When you repeat the listing below, keep every word exactly and leave out each picture.

#### Given data:
○ ○ ○

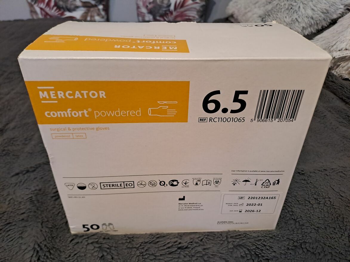 Sprzedam z 10 opakowań rękawiczki chirurgiczne sterylne 6,5 50 par pudrowane comfort powdered data ważności 2026-12. Cena za 1 opakowanie 30 zł.Sprawdź zainteresowanie tym ogłoszeniem
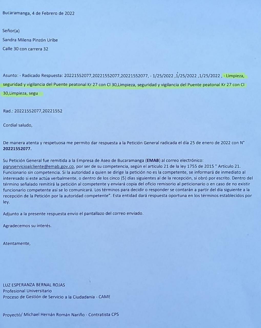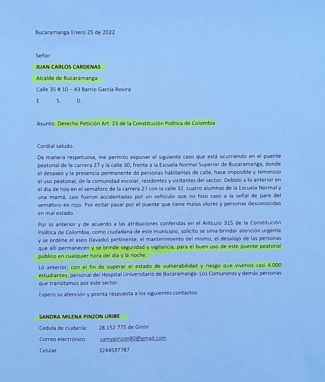 El 25 de enero del 2022, un mes exacto antes del atraco a la estudiante de la Normal Superior, se radicó una carta a la Alcaldía de Bucaramanga, en el que se pedía limpieza en el túnel y puente peatonal del Mesón de los Búcaros, ya que los habitantes de calle realizan sus necesidades fisiológicas en el lugar.
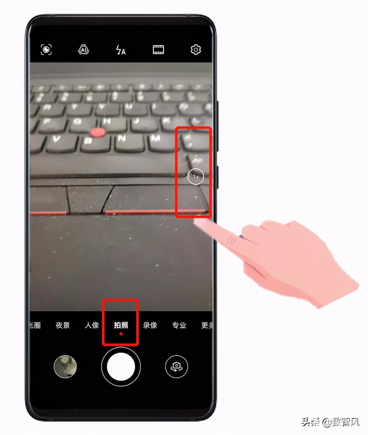 2、在相机界面,系统默认会停留在“拍照”模式。仔细观察屏幕,成像区域的右侧有2个白点加上一个“1X”的字样。值得注意的是,如果不是停留在拍照模式,需要先切换到“拍照”模式。
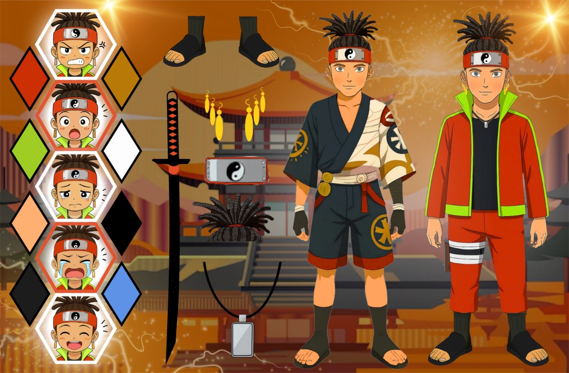 This character sheet features a fierce anime warrior with two outfits—classic martial arts and modern ninja—plus expressive emotes and themed gear like a katana, kunai, and yin-yang accessories. Set against a dramatic temple backdrop, it’s a complete visual kit for storytelling, animation, or game design.

○ ○ ○

#### Answer to the exercise:
 Sprzedam z 10 opakowań rękawiczki chirurgiczne sterylne 6,5 50 par pudrowane comfort powdered data ważności 2026-12. Cena za 1 opakowanie 30 zł.Sprawdź zainteresowanie tym ogłoszeniem
 El 25 de enero del 2022, un mes exacto antes del atraco a la estudiante de la Normal Superior, se radicó una carta a la Alcaldía de Bucaramanga, en el que se pedía limpieza en el túnel y puente peatonal del Mesón de los Búcaros, ya que los habitantes de calle realizan sus necesidades fisiológicas en el lugar.
 2、在相机界面,系统默认会停留在“拍照”模式。仔细观察屏幕,成像区域的右侧有2个白点加上一个“1X”的字样。值得注意的是,如果不是停留在拍照模式,需要先切换到“拍照”模式。
 This character sheet features a fierce anime warrior with two outfits—classic martial arts and modern ninja—plus expressive emotes and themed gear like a katana, kunai, and yin-yang accessories. Set against a dramatic temple backdrop, it’s a complete visual kit for storytelling, animation, or game design.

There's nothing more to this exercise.